Closed GoogleCodeExporter closed 9 years ago

GoogleCodeExporter commented 9 years ago
If you run Lib/test/test_code.py under -j always, the weakref tests fail. 
I've been trying to track this down over break, but it hasn't yielded so
I'm opening this bug in case anyone else can chime in with the answer.

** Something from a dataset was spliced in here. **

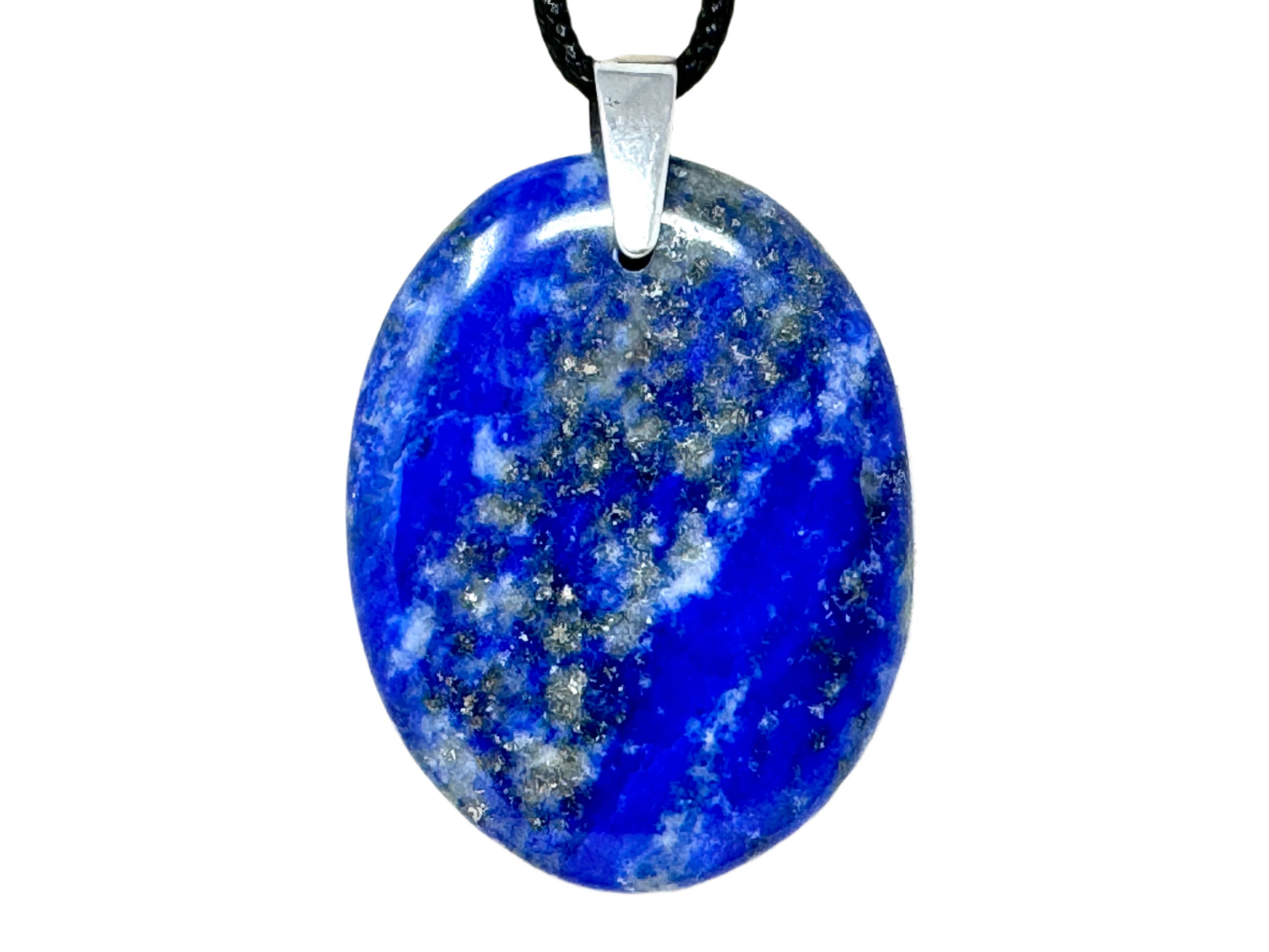 This unique piece of Hand-Made Crystal Jewellery has been cut from Natural Lapis Lazuli Stone into an Oval Pendant Shape and hand-polished to a fantastically high standard in our UK workshop to create a smooth Polished Lapis Lazuli Crystal Pendant.

To reproduce this more quickly, you can just put
_llvm.set_jit_control("always") at the top of the failing test case and it
will still fail (at least it does for me).

The clues I have so far:

The gc module says there are no referrers to the code object, so it must be
held by a non-PyObject, or we have a refleak.

The only code compiled during the test case is the code object constructed
by the exec statement.  Nothing else is compiled.

I think the first step is to figure out where we incref code objects when
compiling code objects, but I can't seem to find any such places.

Original issue reported on code.google.com by reid.kle...@gmail.com on 29 Dec 2009 at 3:53

GoogleCodeExporter commented 9 years ago
Aha, I think I found it.  Consider the following code:
def make_f():
    def f(): pass
    return f

This has the bytecode:
  2           0 LOAD_CONST               1 (<code object f at 0x38530, file
"<stdin>", line 2>)
              3 MAKE_FUNCTION            0
              6 STORE_FAST               0 (f)

  3           9 LOAD_FAST                0 (f)
             12 RETURN_VALUE        

The code object for the new f being created is a local constant of the code 
object
that makes f.  I looked at LOAD_CONST in the function builder, and it uses
ConstantMirror::GetGlobalVariableFor(PyObject *), which uses the complex value 
handle
mechanism that Jeff created to incref globals to preserve them until after the 
LLVM
global variable has become unused.  If I forcibly collect unused globals from 
GDB
while stopped after the exec, the test passes.

In order to make the test pass under -j always, I think we need to expose a way 
to
collect globals to Python code somehow.  We could do it by adding a method to 
the
_llvm module, but that's gross.  I was thinking that if someone explicitly calls
gc.collect, then it should also collect dead globals.  Does that sound 
appropriate? 
I'll send out a change soon that does that.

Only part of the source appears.